DRUG TREATMENT RATHER THAN INCARCERATION.
The passage of California’s Proposition 36 mandating treatment rather than incarceration for most nonviolent drug offenders charged with simple possession has created great interest in what might be done here this year. SB 5419 has been introduced in the Senate by Julia Patterson with several cosponsors, and HB 1722 has been introduced in the House by Mary Lou Dickerson and cosponsors, both providing for treatment rather than incarceration for simple drug possession. The senate bill also eliminates triple scoring for prior drug offenses, as does HB 1863, and lowers the sentences for drug delivery from Level VIII to Level VI, while HB 1863 and a draft bill prepared by King County Prosecutor Norm Maleng lowers delivery to only Level VII, and excludes methamphetamine. Maleng is responding to the threat of a Washington initiative and to the King County Bar Association, which is recommending a much stronger treatment package that would also apply to existing prisoners, and the threat of a possible Washington initiative.
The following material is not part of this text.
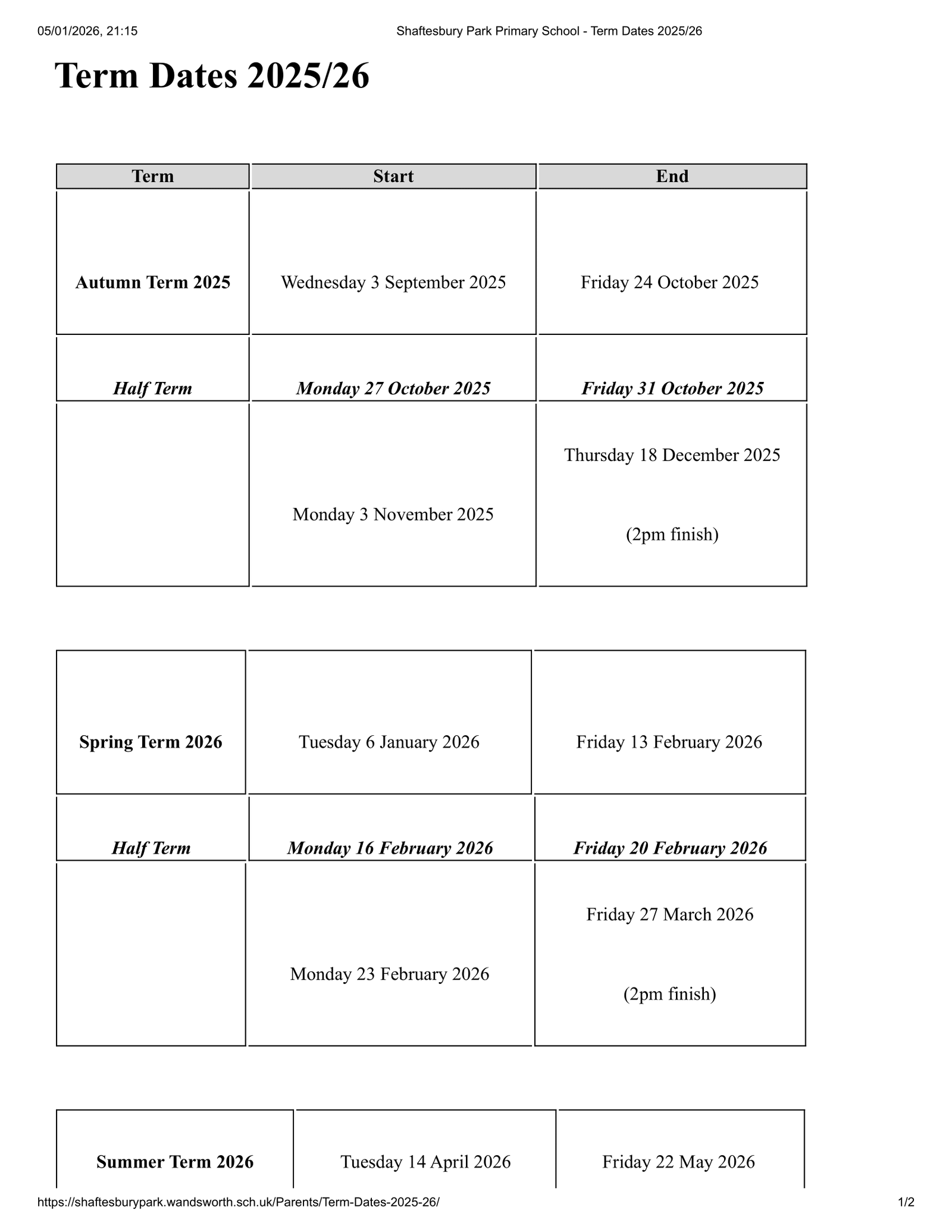 The school Term Dates shown on this page has been sourced directly from the official Shaftesbury Park Primary School term dates 25-26 Official Updates website. Please be aware that all dates and events may be amended at the discretion of the school or local council. For the most up-to-date and accurate information, we recommend checking the official council website or contacting the school office.

Maleng’s bill, which has been endorsed in basic principle by the Sentencing Guidelines Commission, doesn’t mandate treatment, but instead leaves it up to local jurisdictions, and like SB 5419 provides that savings in prison costs will be used for treatment programs.
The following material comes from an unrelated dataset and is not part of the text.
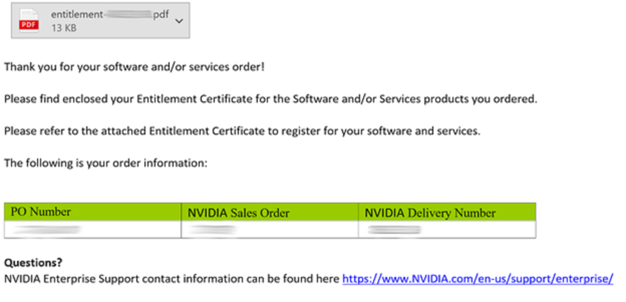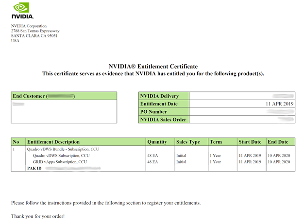 After your order for NVIDIA vGPU software is processed, you will receive an order confirmation message to which your NVIDIA Entitlement Certificate is attached.

What all of this means is that there is a real opportunity for lowering the sentences of drug offenders, and for providing more effective and humane dispositions based on treatment rather than imprisonment. How significant the reductions and how substantial the treatment alternatives will depend on how much pressure legislators feel from the public.
Those who believe substantial change is needed should contact their own legislators as well as those serving on the key committees, which at this point are the House Criminal Justice and Corrections Committee and the Senate Judiciary Committee. Rep. Dickerson’s bill HB 1722, the first to come to hearing, is scheduled for Friday, Feb. 16 at 8 am in the House Criminal Justice and Corrections Committee, HHR E. Sen. Patterson’s bill, SB 5419, along with Norm Maleng’s substitute, are apparently scheduled for hearing before the Senate Judiciary Committee on Monday, Feb. 19 at 10 am, SHR 1. The names of the committee members as well as copies of the bills are available on the legislature’s website, http://www.leg.wa.gov Legislators’ email addresses are the first eight letters of their last name followed by a single underline, then the first two letters of their first name, then @leg.wa.gov. For example, Julia Patterson would be firstname.lastname@example.org.
We recommend that Friends urge legislators to support a bill (1) that provides for treatment in lieu of confinement for any offender who is found to have a chemical dependency that has contributed to a minor, nonviolent drug offense, including minor delivery and including those currently confined in jail or prison, (2) that provides the same treatment opportunity for eligible drug offenders across the state, rather than making treatment discretionary with each local jurisdiction, (3) that reduces the seriousness level of drug delivery back down from Level VIII to its original Level VI, eliminates triple-scoring, and reduces the range of confinement for existing prisoners as well as future offenders, providing very substantial cost savings, (4) that dedicates saved prison costs to treatment programs, and (5) that provides for deferred prosecution for any eligible drug offender who participates in treatment. These are the same points recommended by the King County Bar Association and represent the most substantial proposal for effective treatment and savings in prison costs. For those who feel strongly about the need for reforming our drug laws, this is an excellent time to act.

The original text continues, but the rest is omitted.